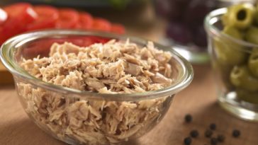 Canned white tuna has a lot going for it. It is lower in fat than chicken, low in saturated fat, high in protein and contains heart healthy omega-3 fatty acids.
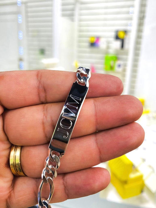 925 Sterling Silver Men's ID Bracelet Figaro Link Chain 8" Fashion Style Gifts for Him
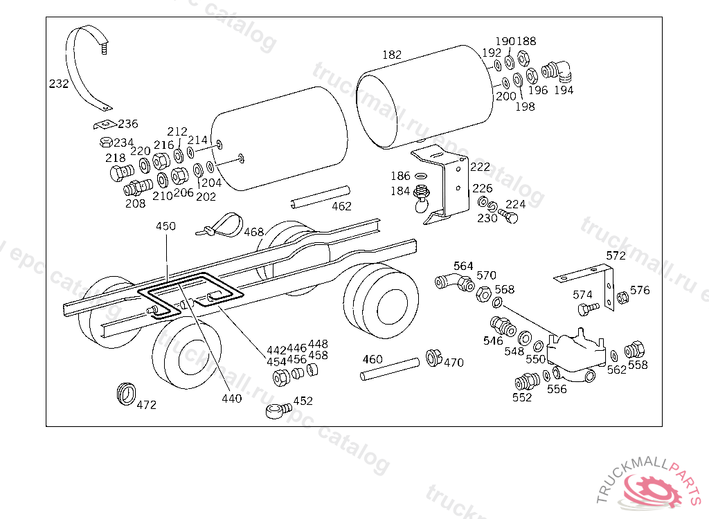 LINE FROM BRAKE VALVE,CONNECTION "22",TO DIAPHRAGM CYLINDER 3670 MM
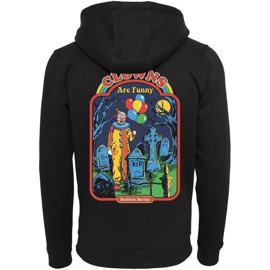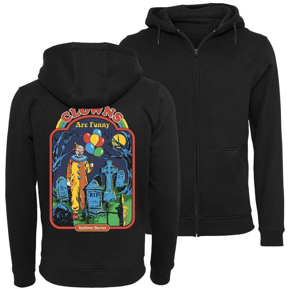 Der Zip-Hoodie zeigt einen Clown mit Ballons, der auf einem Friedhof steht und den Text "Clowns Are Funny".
━━━━━━
:: Work instruction ::
Word for word, restate each line above, minus its pictures.

:: Your solution ::
 Canned white tuna has a lot going for it. It is lower in fat than chicken, low in saturated fat, high in protein and contains heart healthy omega-3 fatty acids.
 925 Sterling Silver Men's ID Bracelet Figaro Link Chain 8" Fashion Style Gifts for Him
 LINE FROM BRAKE VALVE,CONNECTION "22",TO DIAPHRAGM CYLINDER 3670 MM
 Der Zip-Hoodie zeigt einen Clown mit Ballons, der auf einem Friedhof steht und den Text "Clowns Are Funny".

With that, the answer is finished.